The A.V. Club: You have a knack for creating complex dramatic situations similar to episodic TV dramas. Are you influenced by TV?

Laura Jacqmin: I love TV more than I love movies, I have to admit. One of the major differences where I depart from it is language and theatricality. My language tends to be very, very strange, not the way that people would speak. I really don't like those plays that unfold in real time, where people do perfectly logical things. I don't like watching television up on stage. I do, however, really admire TV for making us care about characters, because you live with characters sometimes for years and you end up really invested in their stories. Of course, there are all these things that get our emotional triggers. You don't have those manipulative elements in theater—you can't underscore, you can't do the close up, so you have to find ways through dialogue and action and story. And when it's successful—and it's weird on top of it—that's a different kind of theater.

AVC: Why devote your life to theater when the money is all in TV and film? Theater has been called a dying art form.

LJ: [Laughs.] Well, we don't see it as a dying art form. It's funny people don't say this about music. Live music is where people want to be; recorded music is what we want to download for free. In theater, you can actually fundamentally change the form of it. You can’t be weird with film, because people say, "Why are you being weird with it?" In theater, you can have audience interaction, you can be strange with language, you can do weird things like read all of The Great Gatsby out loud for nine hours, and there's something really cool and strange and powerful about that. The money thing is a good question, and that's why a lot of playwrights are doing both. People who say they can write something and sell it and let shittier writers polish it until by the time it gets to the screen it’s something totally different, but you've made your $100,000 so you're okay with that? I think you're a liar. [Laughs.] I've got a couple of spec screenplays.
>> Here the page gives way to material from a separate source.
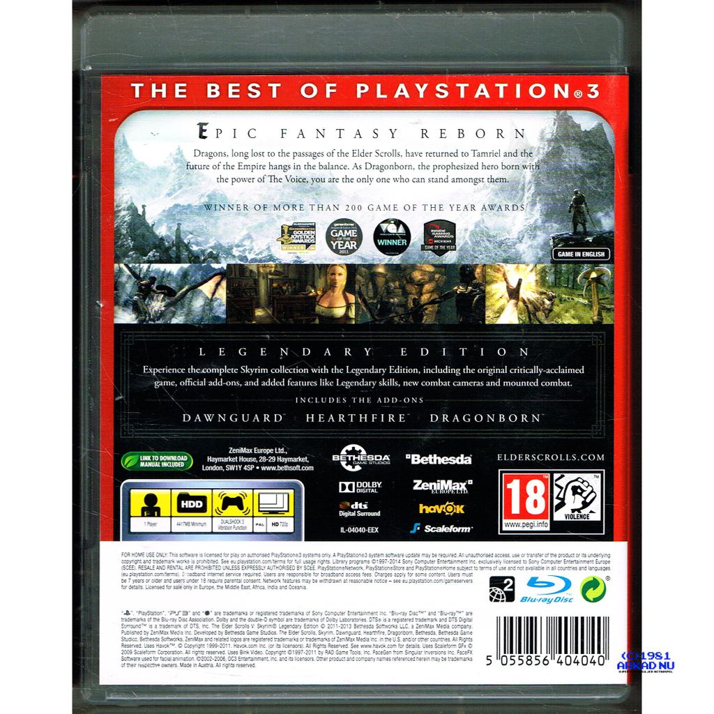 THE ELDER SCROLLS V SKYRIM LEGENDARY EDITION PS3 ESSENTIALS - BLES-01885/E

I wrote an original pilot. It hasn't discouraged me yet. Writers are so used to making nothing that as soon as somebody offers you a big paycheck gig, it’s great. But I think you're going to go back to what makes you happier. For me, so far, theater makes me happier.

AVC: Your play Pluto Was A Planet involves secret societies at an elite college. How close is that to your own experiences at Yale?    

LJ: [Laughs.] Not at all. I had a lot of friends who were in the secret societies. Here are the secrets, basically: There's a lot of drinking involved, and a lot of the societies do this thing where everyone is assigned a night and they have to tell their entire life story. And I don't mean the interesting parts, I mean their entire life story. So mostly I would hear these reports of, "Oh God, we were there for seven hours last night." [Laughs.] But with the weird relationships, and you know, the hooking up thing, what they thought they were supposed to do and what they actually did, that was there. It's like those horror movie prequels, how they spend all this time talking about how Jason got to be Jason. It's too much information. It sort of takes the thrill away. The more you know, the more boring it is.